If you're still waiting for AMD's answer to the current offerings from market leader Intel, you might be one step closer to being satisfied today.
According to
CNet, the first 45-nanometre server chip to come out of AMD – the quad-core 'Shanghai' Opteron processor – is starting to see availability at selected resellers, despite not officially launching until 13th of November.
The processor ranges – Opteron 837X and 838X – don't come cheap, however: the relatively high-end 8384 model, which features quad 2.7GHz processing cores and takes a surprisingly low power draw of 75 watts, is listed on reseller's sites for a whopping $2,350 (£1,443) per chip.

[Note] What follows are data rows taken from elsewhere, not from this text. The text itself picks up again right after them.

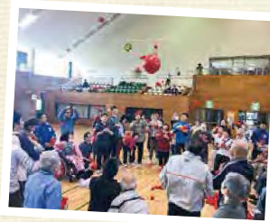
福祉レクリエーション大会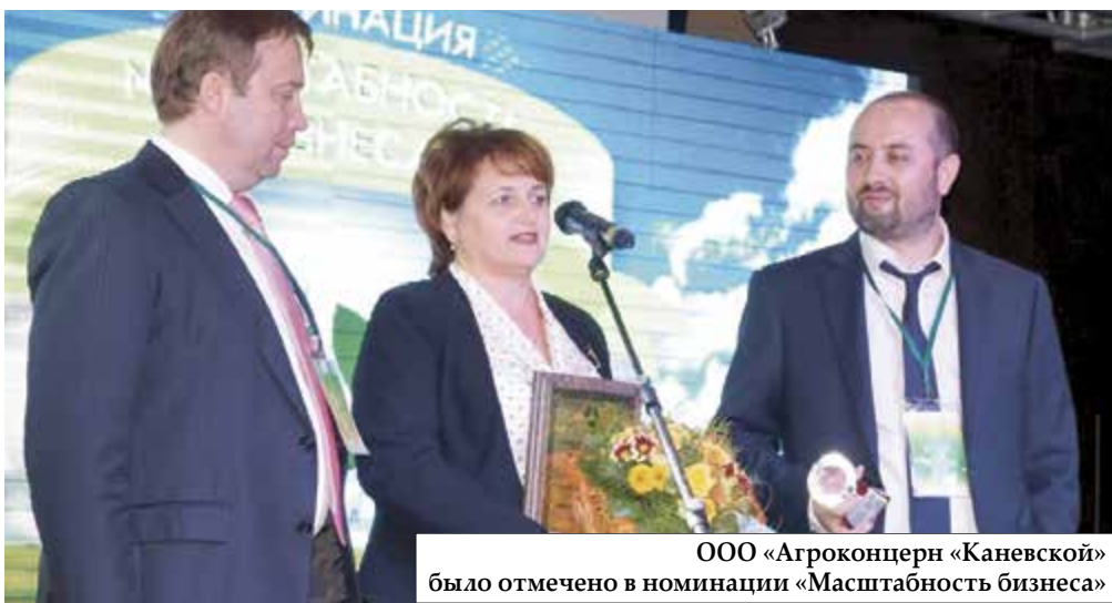
ООО «Агроконцерн «Каневской» было отмечено в номинации «Масштабность бизнеса»

Напротив, ООО «Агриплант Дон» - самое старое: образовано в 2007 году и имеет большой опыт работы на рынке. Не случайно среди его клиентов более 100 коллективных и фермерских хозяйств. Соответственно и специализация филиала более обширная. Сотрудники предприятия оказывают услуги по возделыванию зерновых колосовых, кукурузы, подсолнечника, гречихи, проса, риса, рапса и других культур.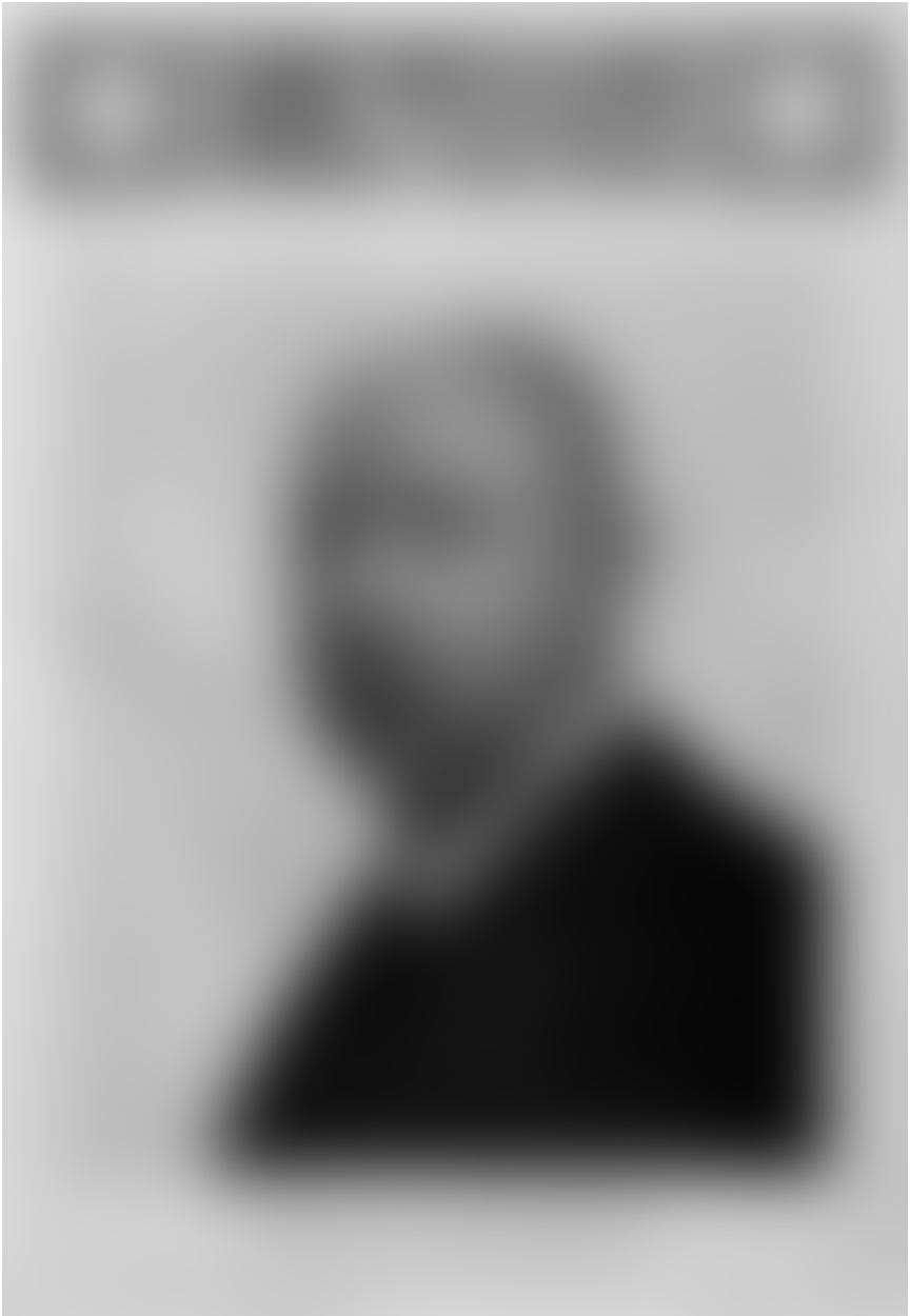
Abb. 1: Als badischer Staatspräsident wurde Anton Geiß auch überregional einer breiteren Öffentlichkeit bekannt. Die in Deutschland weit verbreitete Wochenzeitschrift „Die Woche. Moderne Illustrierte Zeitschrift“ widmete ihm in Heft 15 (1919) vom 12. 4. 1919 ein ganzseitiges Porträt.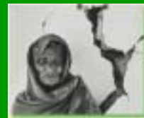
L'ambiente in pericolo: il terremoto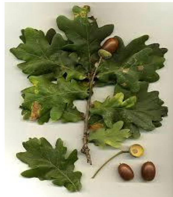
Дрво - даб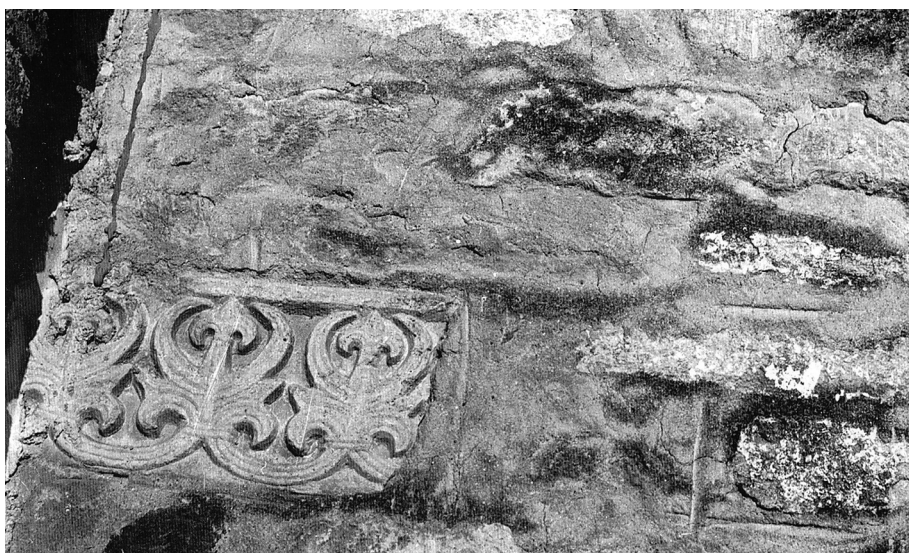
Slika 6. Fragment friza ukrašenog reljefom s motivom palmeta, ugrađen kao spolij u zapadni zid crkve pravoslavnog manastira u Starom Rakovcu (Nagy, Dombo: srednjovekovna opatija, tabla XXI, sl. 60 = Kulić, Manastir Rakovac, 51).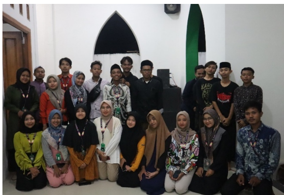
Gambar 9. Peserta sosialisasi pencegahan stunting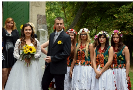
Na planie filmowym teledysku - 2015 rok

Zespół Szkół RCKU w Trzciance nieustannie poszerza swoją ofertę edukacyjną, stając się jedną z najważniejszych szkół średnich naszego terenu. Od roku 2014 rozpoczęliśmy kształcenie w kolejnym prestiżowym zawodzie: technik weterynarii. Co roku w związku z akcją promocyjną podejmujemy wiele inicjatyw zmierzających do zapoznania gimnazjalistów z naszą szkołą. Do tych najważniejszych należą: turnieje sportowe dla gimnazjalistów, organizacja Drzwi Otwartych i warsztatów tematycznych. Od roku 2015 jesteśmy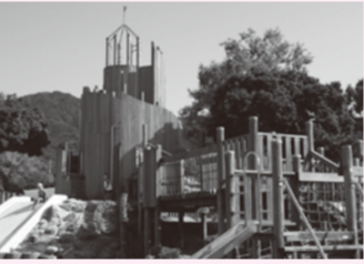
西油山中央公園(野芥校区) *「子どものお城(通称)」と呼ばれるアスレチックがあります。広々とした公園で、桜やどんぐりの木もあって、森林浴もできます。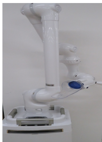
口腔外バキューム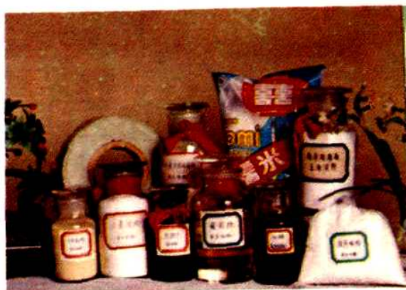
▽南京粮食系统部分优质产品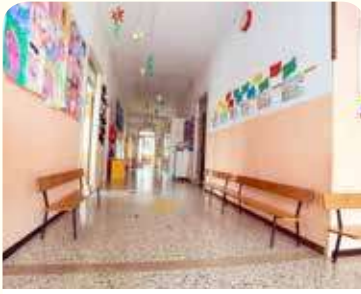
جولة حول المدرسة

فناء المدرسة. خان وقت الصيد! سيتأخذك المعلم في جولة حول المدرسة. لاحظ أي دليل على الاهتمام بالبيئة المدرسية.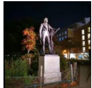
Felix Mendelssohn-Batholdy an der Oper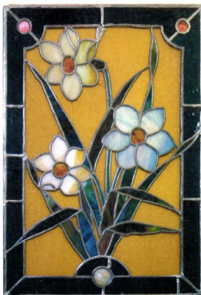
Róth Miksa: Üvegkép, 20. század eleje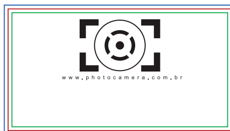
Página 02 (Verniz da Frente) Obs.: 100% de preto(k) em vetor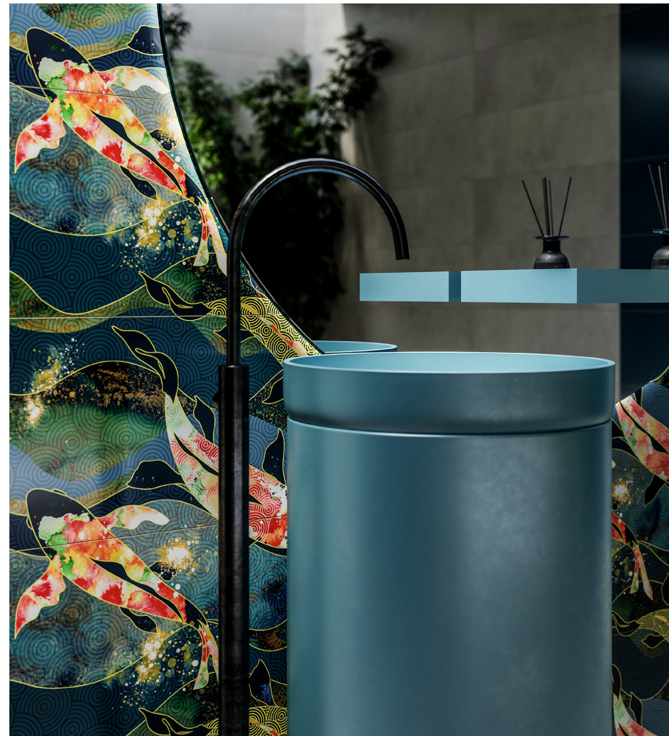
red koi decor 30x90/12"x36" /rectified/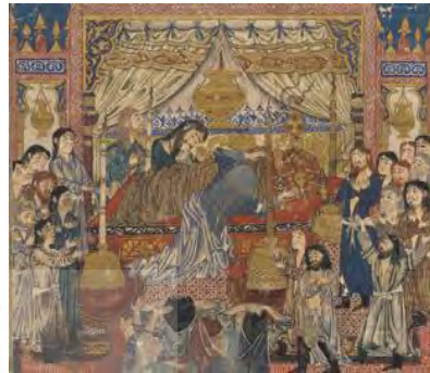
۲۷- زاری بر مرگ اسکندر، گالری هنری فریر، شماره ثبت ۱۹۳۸،۳.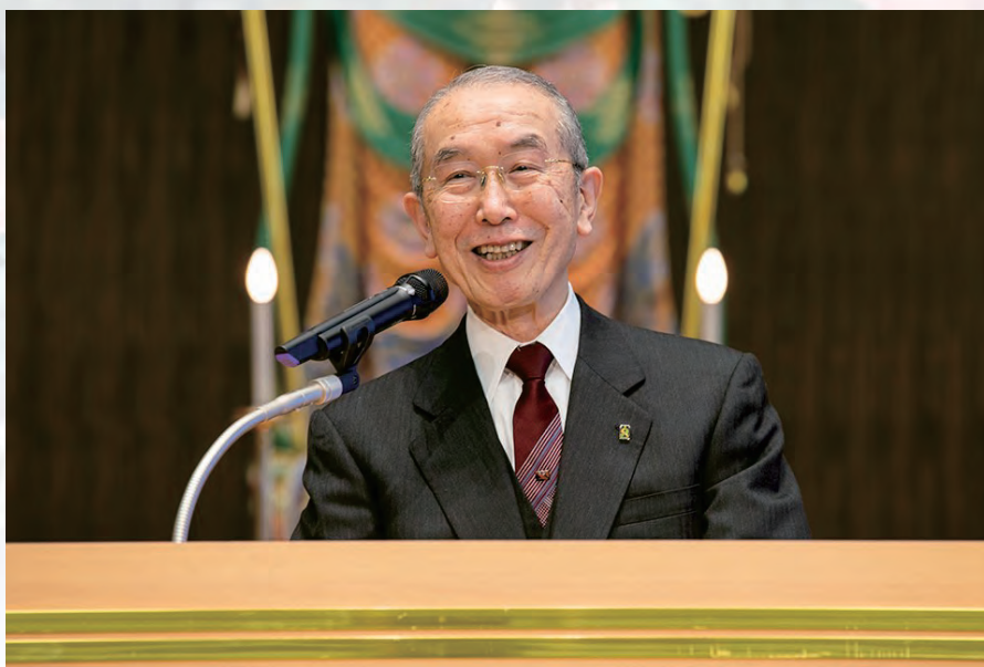
Поч. Ничико Нивано Претседател, Ришо Косеи-каи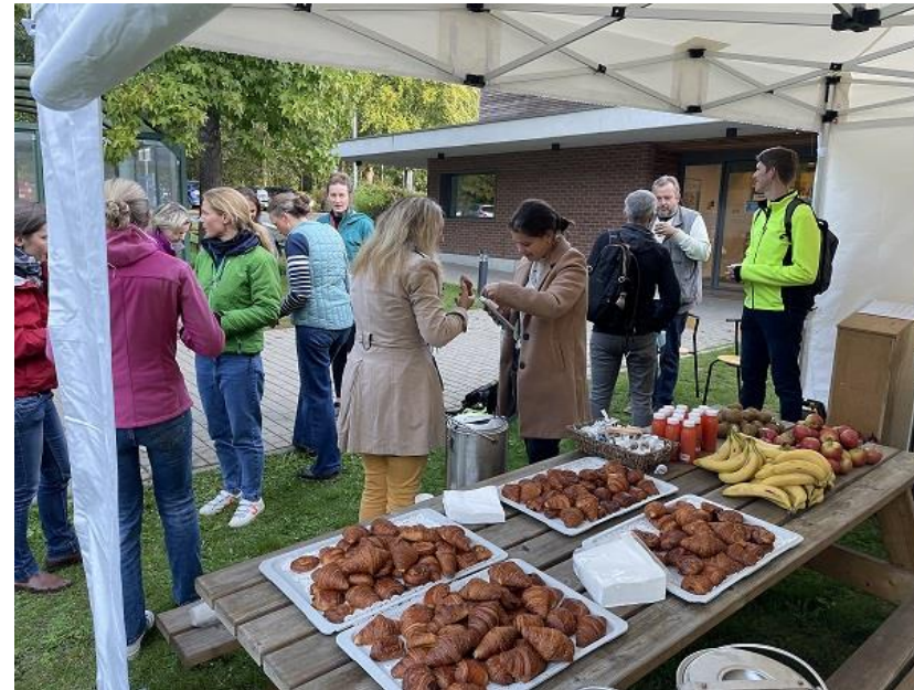
Centre hospitalier neurologique William Lennox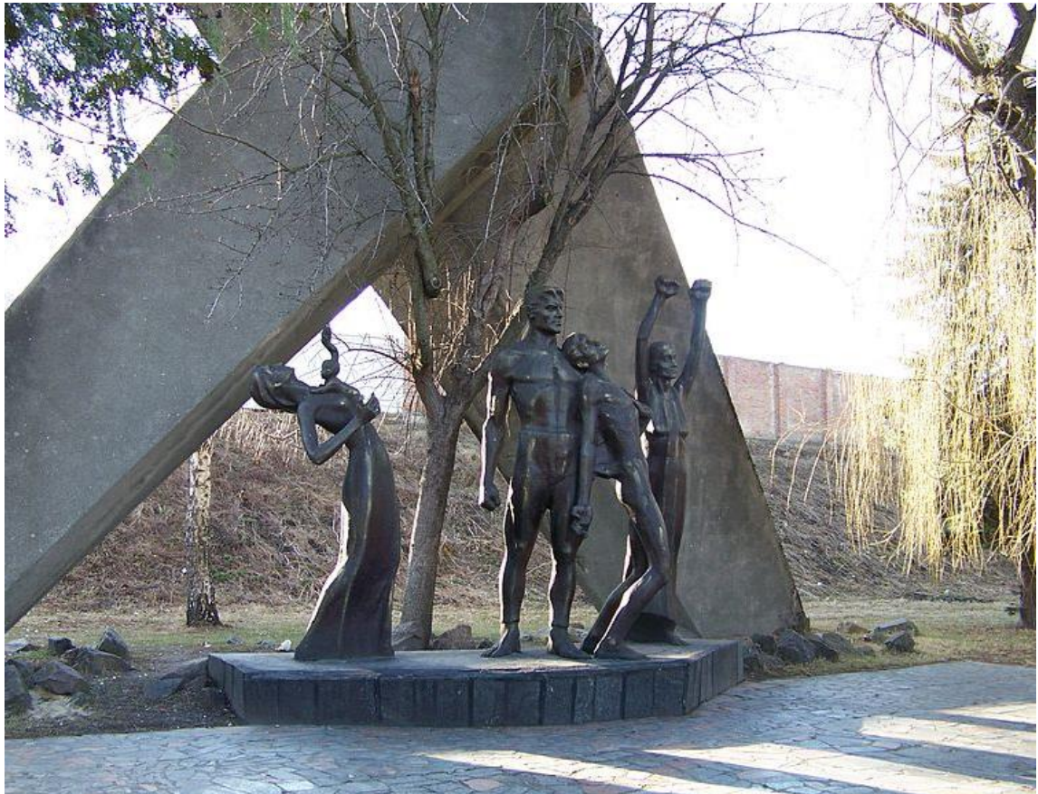
Рівне, меморіал на місці розстрілу близько 4 тис. євреїв, які перехувалися після ліквідації гетто. Тут також було розстріляно 80 тис. військовополонених. 21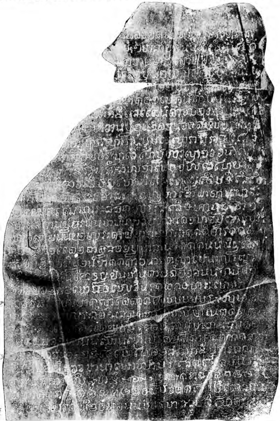
ศิลาจารึกซึ่งพบใหม่ ที่วัดพระมหาธาตุ ตำบลเมืองเก่า จังหวัดสุโขทัย ด้านหน้า ท่อนบน

The good news is that as well as a quartet of cores in a low-power package, your hard-earned money also nabs you 6MB of L2 cache compared to the 2MB available on AMD's previous 'Barcelona' quad-core chips. Improvements in the amount of work the chip does per processing cycle combine with the increased cache to offer a promised 20 percent speed boost over a similarly clocked Barcelona chip. AMD is also enabling the HyperTransport 3.0 interconnect on new Opteron systems, with the first systems certified for the technology due early next year.
While AMD will be hoping that the introduction of the new 45nm chips will help regain ground lost to rival Intel's Xeon range, the company has a way to go: after the debaclé that was the eight-month delay to the previous generation Barcelona chip, expectations are high and it's important that AMD delivers on its promises this time round: the server market has a long memory, after all.
Are you hoping that this could be the sign that AMD are finally starting to be competitive with Intel again, or will you believe it when you see benchmarks for Shanghai-based systems? Share your thoughts over in
the forums.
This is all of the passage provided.